Stay Fertile Longer, A book by Mary Kittle; pages 252 & 253: What Worked for Us: A Low-Carb Diet Got her Hor- mones Back On Track. Pages 252 & 253. ...Lahle Henninger struggled with life-long weight problems, in addition to embarassing symptoms like acne, balding, and facial hair. She never menstruated....
The Washington Post, Tuesday, April 20, 2004; Page HE01. By Stacey Colino. No Longer A Mere Nuisance: As Incidence Rises With Obesity, Medical Community Begins to Take PCOS Seriously. ..."By the time she was diagnosed with PCOS in 1987 -- at the age of 27 -- Henninger had developed fertility problems and diabetes. Because she and her then-husband wanted to start a family, Henninger took the fertility drug Clomid off and on for three years. "The doctors had me on the highest doses, and it just didn't work," she recalled. So the couple adopted three children..."

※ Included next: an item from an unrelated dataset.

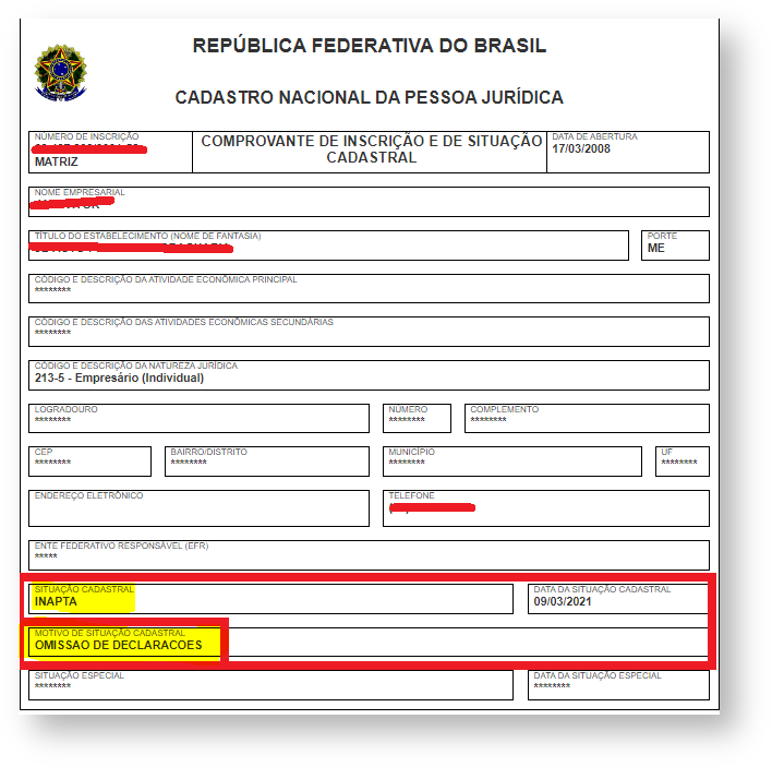 302: Uso Denegado: Irregularidade fiscal do destinatário
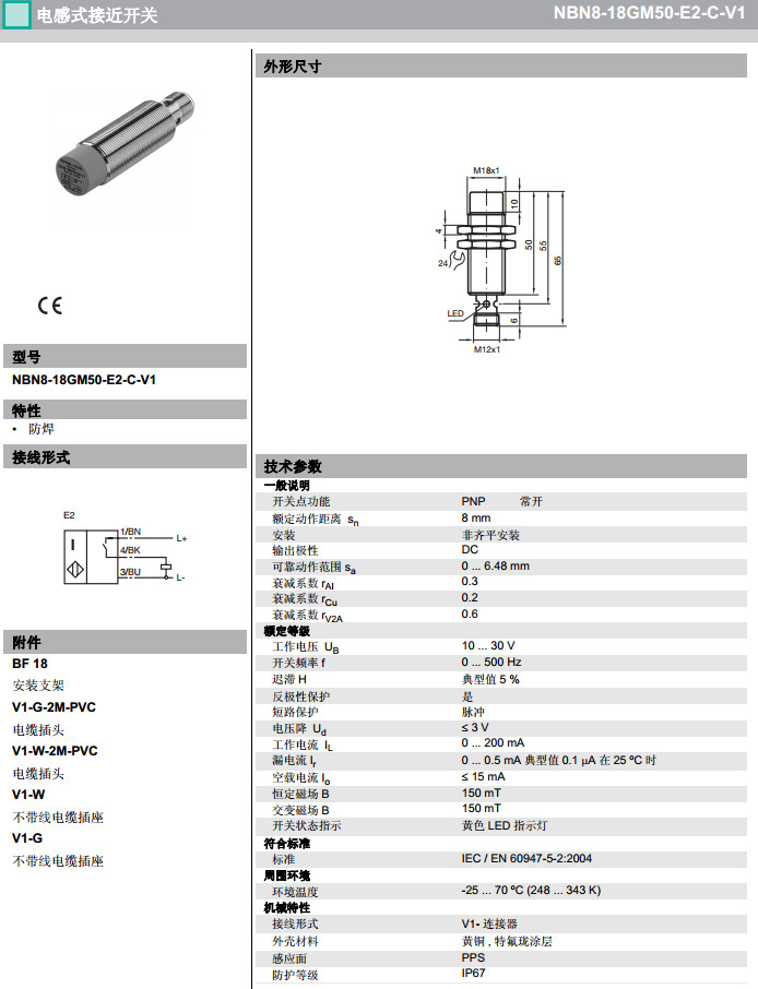 NBN8-18GM50-E2-C-V1電感式接近開關

The " Miracle Four " and Lahle
Meet the founder of Islets of Hope, Lahle Wolfe
About Lahle Wolfe
Almost ten years ago I made my presence known on the Internet because of my work for women’s health advocacy. I served as a board member, then later as director of online community services for the internationally known Polycystic Ovarian Syndrome Association (PCOSA) and began (and still maintain) a support group for women with PCOS and diabetes who developed eating disorders as a result of a medical necessity to adhere to strict dietary guidelines. During this time I was still married using the name Lahle Henninger. For this reason Internet references, magazine, books, and newspapers where I am mentioned refer to me by “Henninger.” Today, now single, I go by my maiden name, "Wolfe."
In the late 1980s I was diagnosed with Stein Levinthal Syndrome (now called polycystic ovarian syndrome, or, PCOS) and not long afterward developed type 2 diabetes. A few years later I was also diagnosed with Hashimoto’s thyroiditis. During this time, I was morbidly obese. Not pleasantly plump. Not chubby, not even a "BBW." I was fat.
Changes (287 lbs)
In the beginning, I met few compassionate doctors when it came to my weight issues. And none who offered me much in the way of medical information to help me take steps to get my health problems back under control. “Here’s a (low-fat, high-carb) diet. Follow it. If you’re fat, it’s your fault.” I was told this over and over and over again even though I was living on less than 1,000 calories a day and gaining weight at an astonishing rate. Back then, very little was known about PCOS and not one of the more than twenty doctors I saw even had another patient with this wicked syndrome. The Internet was not yet on fire so I scoured every book store and magazine rack within a 50 mile radius looking for information about PCOS. I found very little information and felt very alone often wondering if I was the only one with this medical problems.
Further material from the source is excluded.